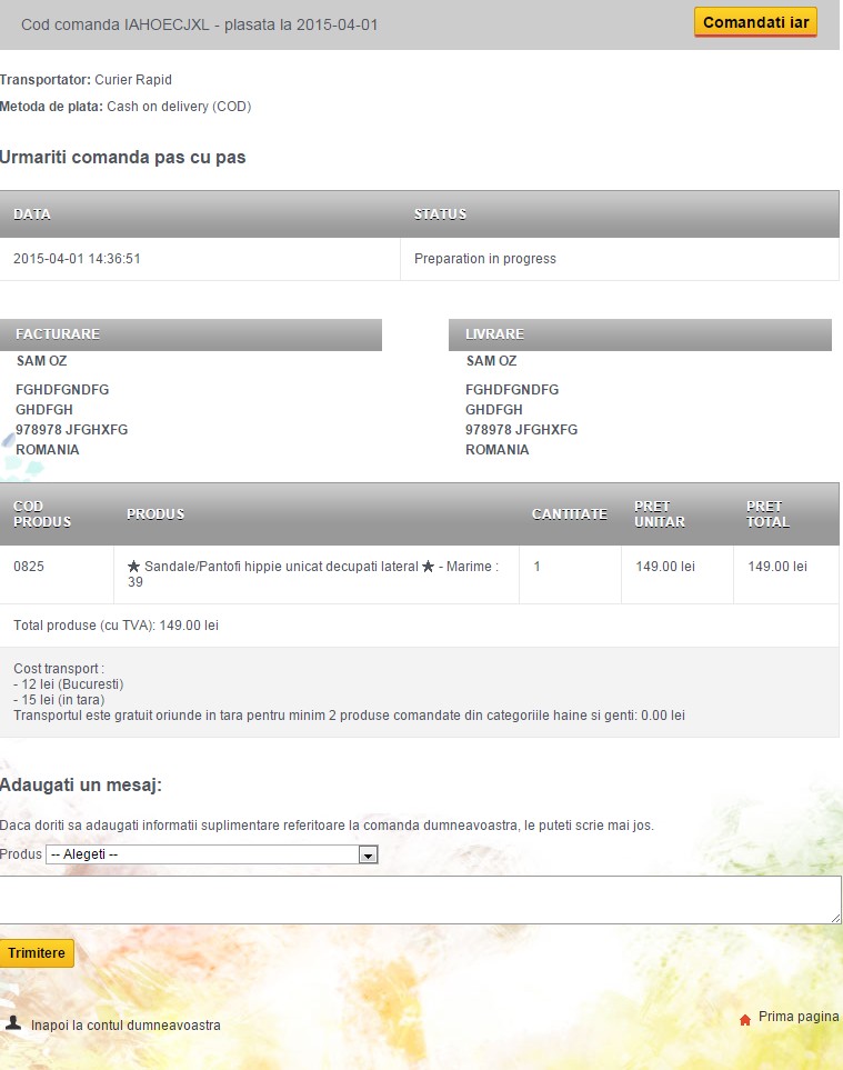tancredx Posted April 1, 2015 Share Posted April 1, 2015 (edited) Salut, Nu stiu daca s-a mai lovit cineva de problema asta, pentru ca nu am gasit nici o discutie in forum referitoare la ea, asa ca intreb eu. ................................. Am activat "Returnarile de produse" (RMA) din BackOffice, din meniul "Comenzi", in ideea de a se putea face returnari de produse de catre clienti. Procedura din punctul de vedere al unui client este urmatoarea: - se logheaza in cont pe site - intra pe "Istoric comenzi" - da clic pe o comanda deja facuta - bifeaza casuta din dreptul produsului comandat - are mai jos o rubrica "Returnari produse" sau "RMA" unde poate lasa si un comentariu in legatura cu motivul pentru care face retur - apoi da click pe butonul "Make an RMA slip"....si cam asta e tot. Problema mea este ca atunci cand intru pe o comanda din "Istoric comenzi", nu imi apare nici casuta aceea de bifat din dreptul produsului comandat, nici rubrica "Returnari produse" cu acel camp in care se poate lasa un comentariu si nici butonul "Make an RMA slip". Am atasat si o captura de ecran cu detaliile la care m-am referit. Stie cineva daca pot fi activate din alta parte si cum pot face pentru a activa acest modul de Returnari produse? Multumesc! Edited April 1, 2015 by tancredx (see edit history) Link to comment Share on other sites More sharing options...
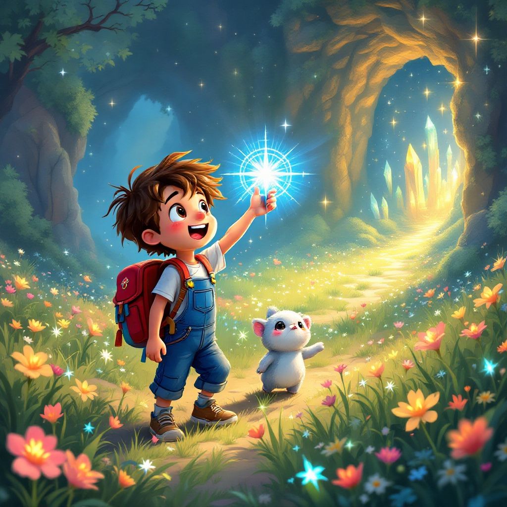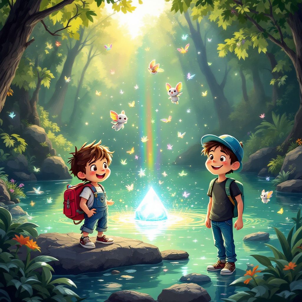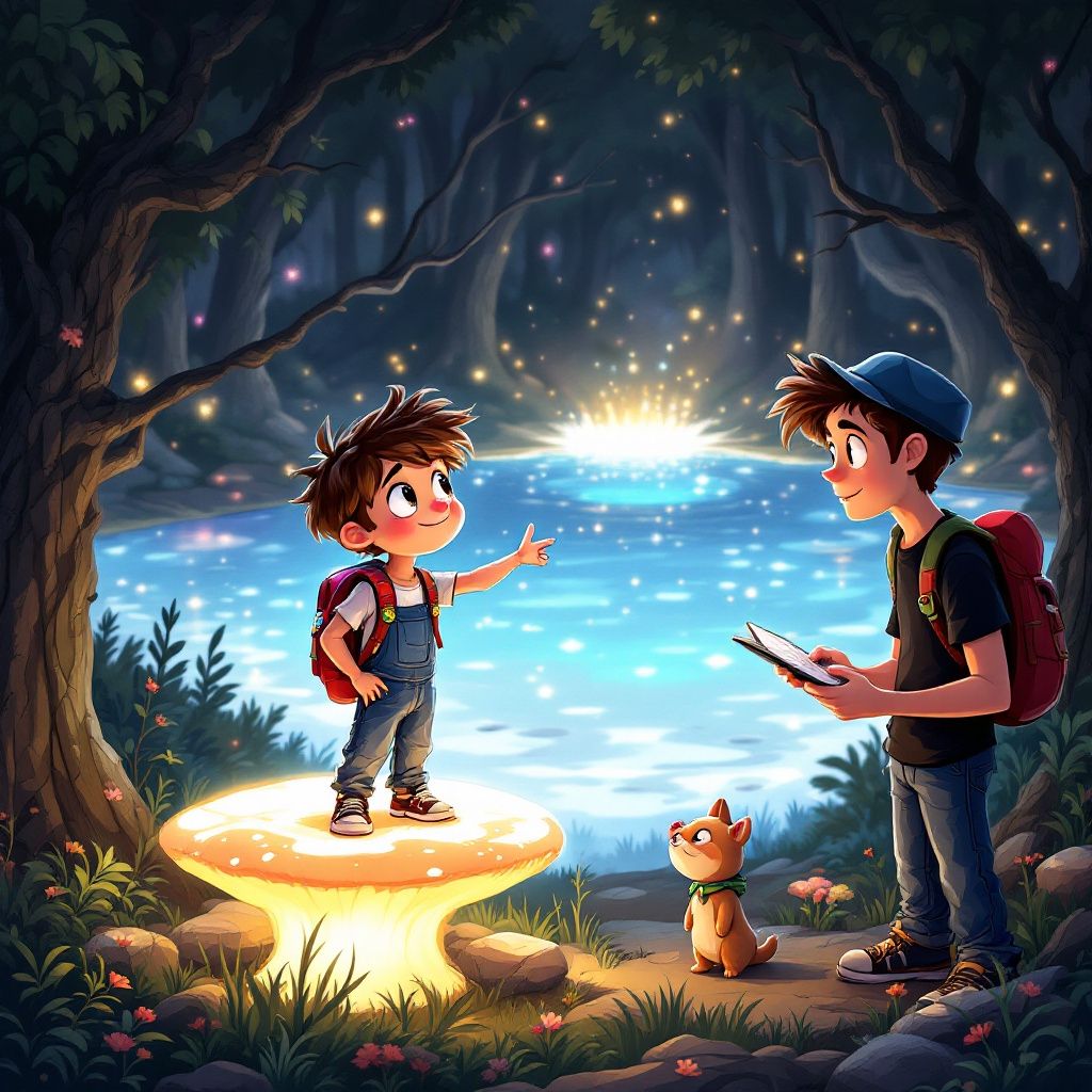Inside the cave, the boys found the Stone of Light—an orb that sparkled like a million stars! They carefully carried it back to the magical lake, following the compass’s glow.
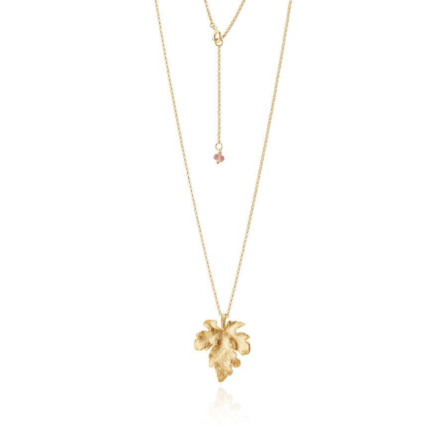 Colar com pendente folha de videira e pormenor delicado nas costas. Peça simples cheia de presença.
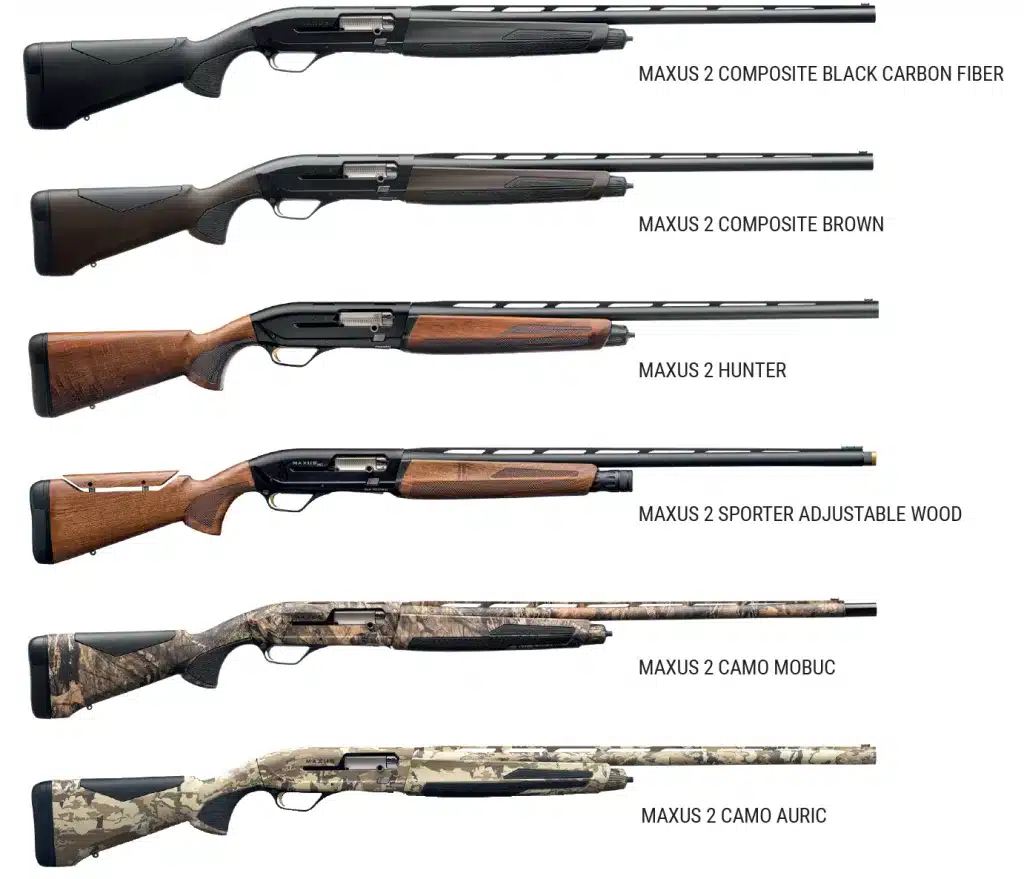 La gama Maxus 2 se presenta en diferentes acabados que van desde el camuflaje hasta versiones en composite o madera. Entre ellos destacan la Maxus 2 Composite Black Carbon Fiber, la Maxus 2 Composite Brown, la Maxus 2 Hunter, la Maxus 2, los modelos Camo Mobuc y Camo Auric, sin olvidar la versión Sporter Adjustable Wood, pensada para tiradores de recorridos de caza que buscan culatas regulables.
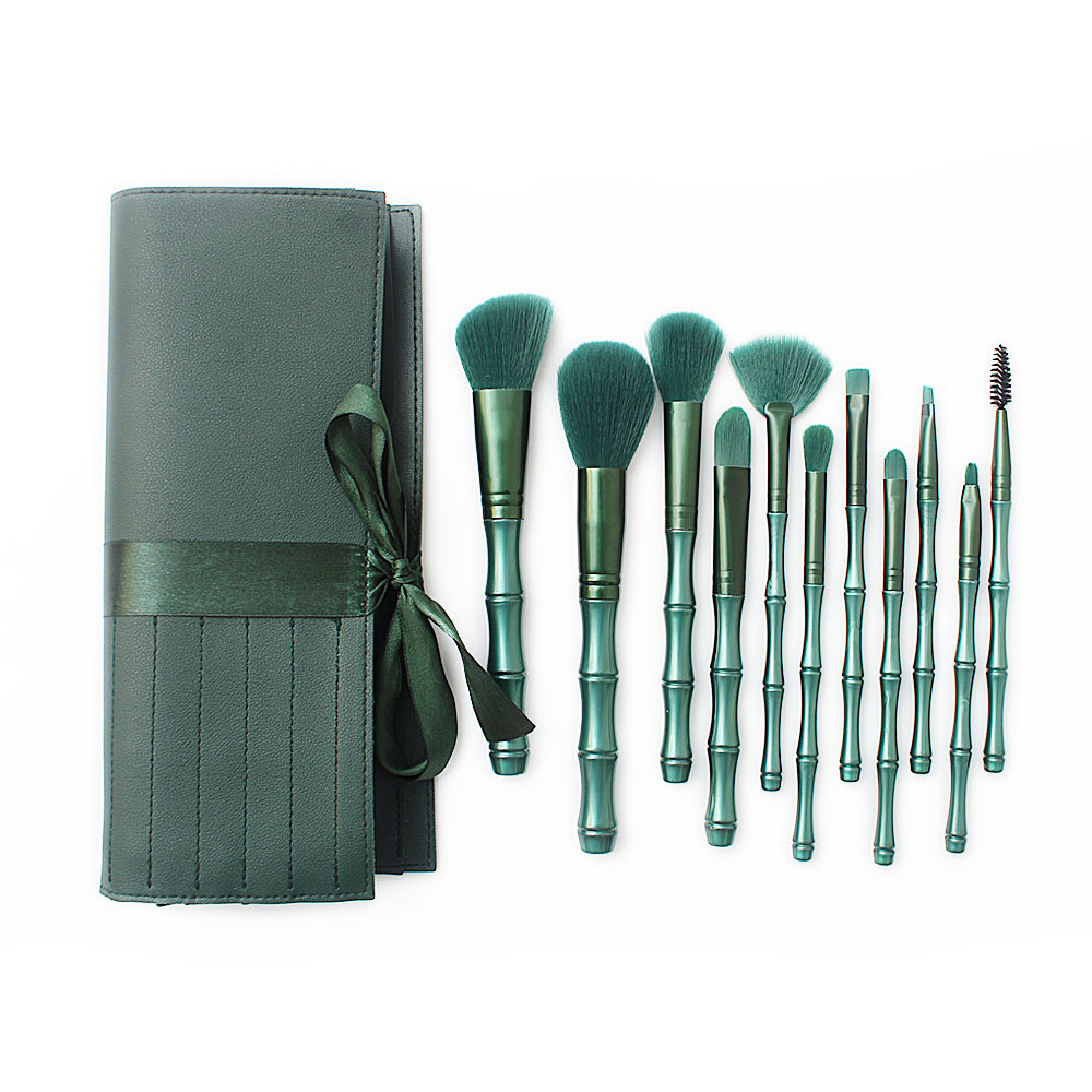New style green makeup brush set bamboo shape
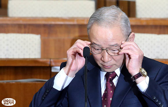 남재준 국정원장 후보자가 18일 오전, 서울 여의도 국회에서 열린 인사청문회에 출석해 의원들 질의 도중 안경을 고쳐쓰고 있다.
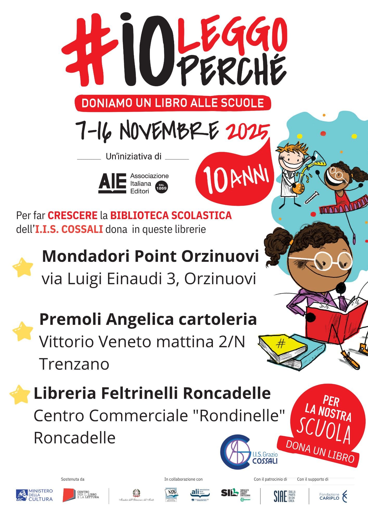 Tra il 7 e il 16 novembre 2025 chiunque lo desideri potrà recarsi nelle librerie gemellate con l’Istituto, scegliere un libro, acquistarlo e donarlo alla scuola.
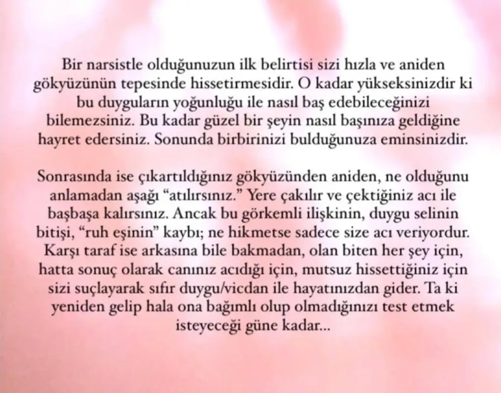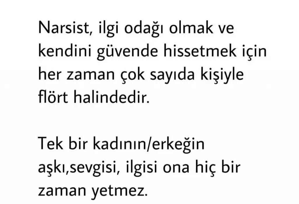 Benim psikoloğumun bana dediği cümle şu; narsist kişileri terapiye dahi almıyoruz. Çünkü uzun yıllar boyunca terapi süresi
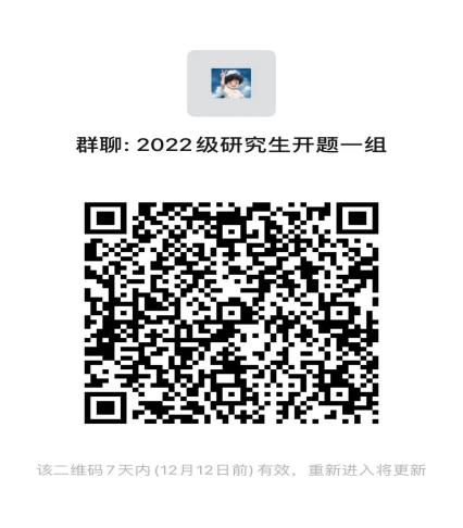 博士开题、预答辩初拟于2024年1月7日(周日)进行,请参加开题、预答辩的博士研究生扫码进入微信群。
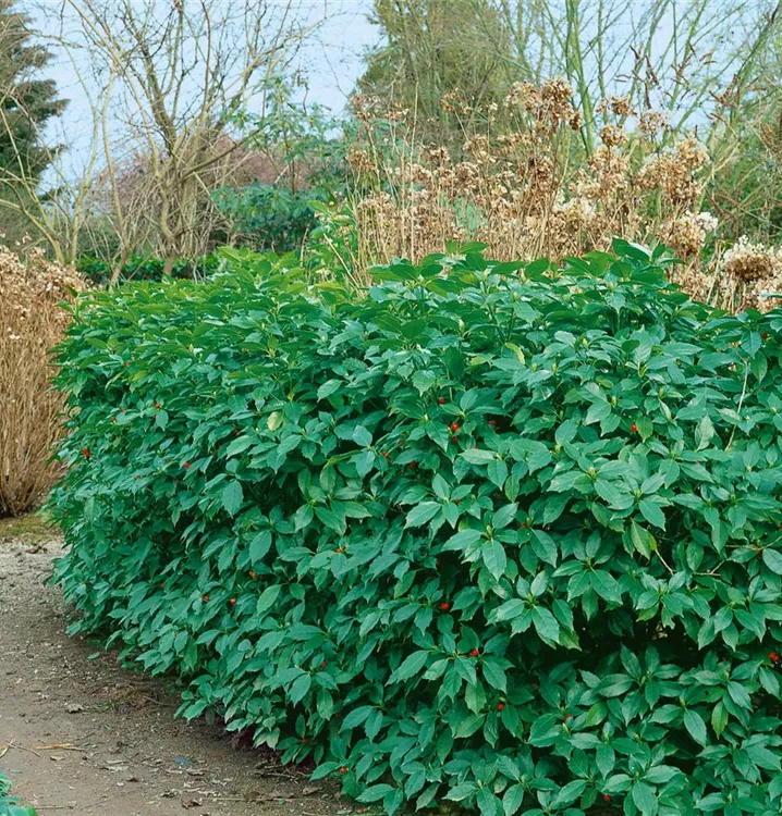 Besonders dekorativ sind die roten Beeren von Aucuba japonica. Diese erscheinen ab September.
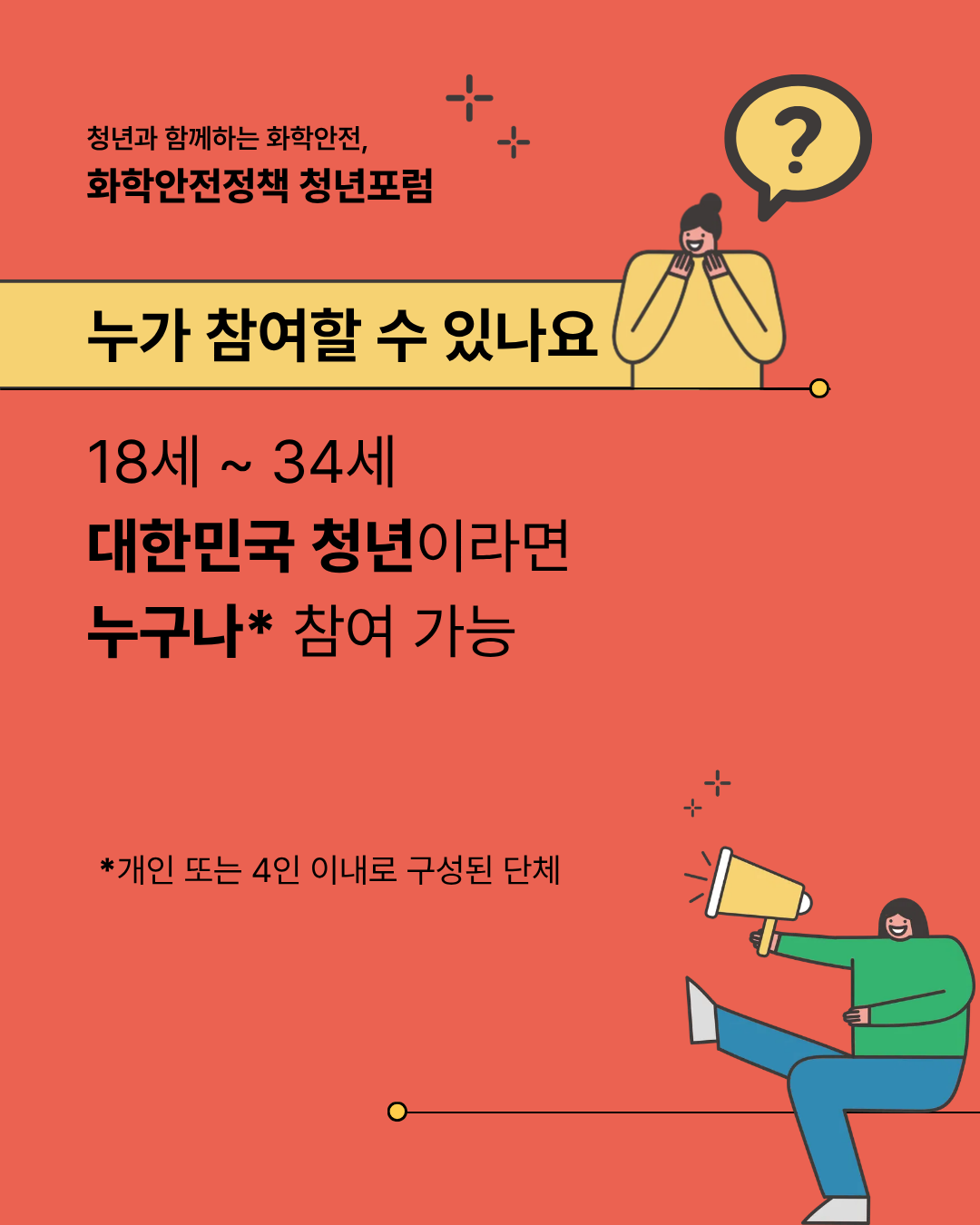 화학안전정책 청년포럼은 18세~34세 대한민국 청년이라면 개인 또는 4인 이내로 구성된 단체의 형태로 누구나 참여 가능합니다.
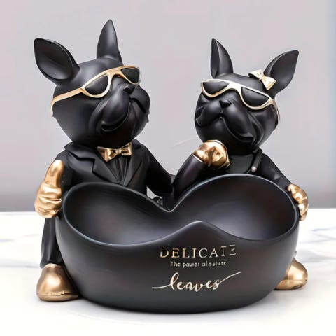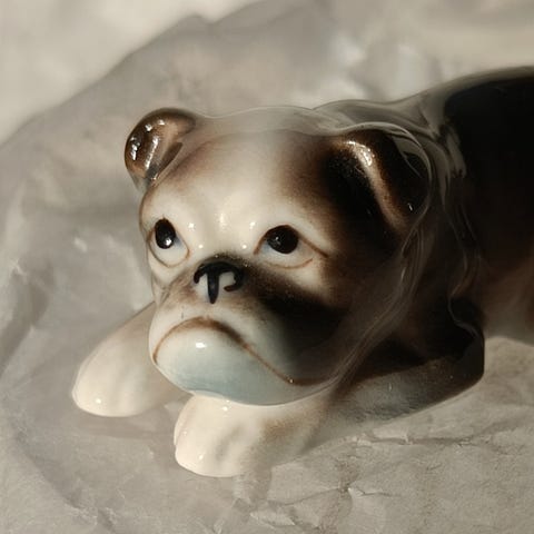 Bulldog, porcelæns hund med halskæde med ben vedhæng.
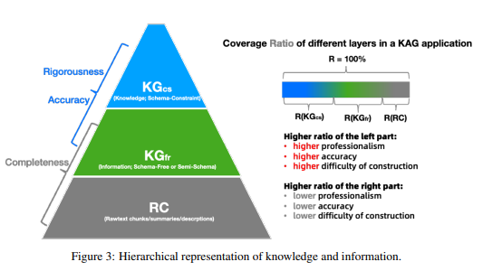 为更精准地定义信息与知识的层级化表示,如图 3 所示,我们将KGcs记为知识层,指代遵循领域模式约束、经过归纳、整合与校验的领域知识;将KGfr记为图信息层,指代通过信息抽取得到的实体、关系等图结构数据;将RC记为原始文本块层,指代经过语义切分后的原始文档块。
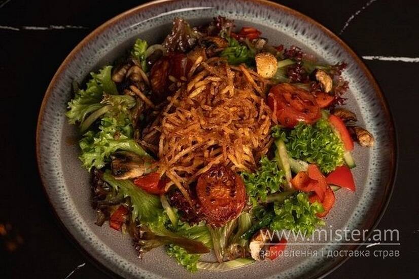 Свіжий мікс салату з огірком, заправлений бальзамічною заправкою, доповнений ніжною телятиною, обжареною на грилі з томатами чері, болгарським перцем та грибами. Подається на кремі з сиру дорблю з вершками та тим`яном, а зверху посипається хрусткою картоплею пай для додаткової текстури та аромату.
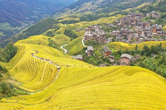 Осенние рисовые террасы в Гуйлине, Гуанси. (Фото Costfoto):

..........

__YOUR GOAL__
Lines from the one holding "New style green makeup brush set bamboo shape" to the end of the data, both ends included, are to be given again exactly; no pictures belong in the copy.

__ANSWER BOX__
New style green makeup brush set bamboo shape
 남재준 국정원장 후보자가 18일 오전, 서울 여의도 국회에서 열린 인사청문회에 출석해 의원들 질의 도중 안경을 고쳐쓰고 있다.
 Tra il 7 e il 16 novembre 2025 chiunque lo desideri potrà recarsi nelle librerie gemellate con l’Istituto, scegliere un libro, acquistarlo e donarlo alla scuola.
 Benim psikoloğumun bana dediği cümle şu; narsist kişileri terapiye dahi almıyoruz. Çünkü uzun yıllar boyunca terapi süresi
 博士开题、预答辩初拟于2024年1月7日(周日)进行,请参加开题、预答辩的博士研究生扫码进入微信群。
 Besonders dekorativ sind die roten Beeren von Aucuba japonica. Diese erscheinen ab September.
 화학안전정책 청년포럼은 18세~34세 대한민국 청년이라면 개인 또는 4인 이내로 구성된 단체의 형태로 누구나 참여 가능합니다.
 Bulldog, porcelæns hund med halskæde med ben vedhæng.
 为更精准地定义信息与知识的层级化表示,如图 3 所示,我们将KGcs记为知识层,指代遵循领域模式约束、经过归纳、整合与校验的领域知识;将KGfr记为图信息层,指代通过信息抽取得到的实体、关系等图结构数据;将RC记为原始文本块层,指代经过语义切分后的原始文档块。
 Свіжий мікс салату з огірком, заправлений бальзамічною заправкою, доповнений ніжною телятиною, обжареною на грилі з томатами чері, болгарським перцем та грибами. Подається на кремі з сиру дорблю з вершками та тим`яном, а зверху посипається хрусткою картоплею пай для додаткової текстури та аромату.
 Осенние рисовые террасы в Гуйлине, Гуанси. (Фото Costfoto):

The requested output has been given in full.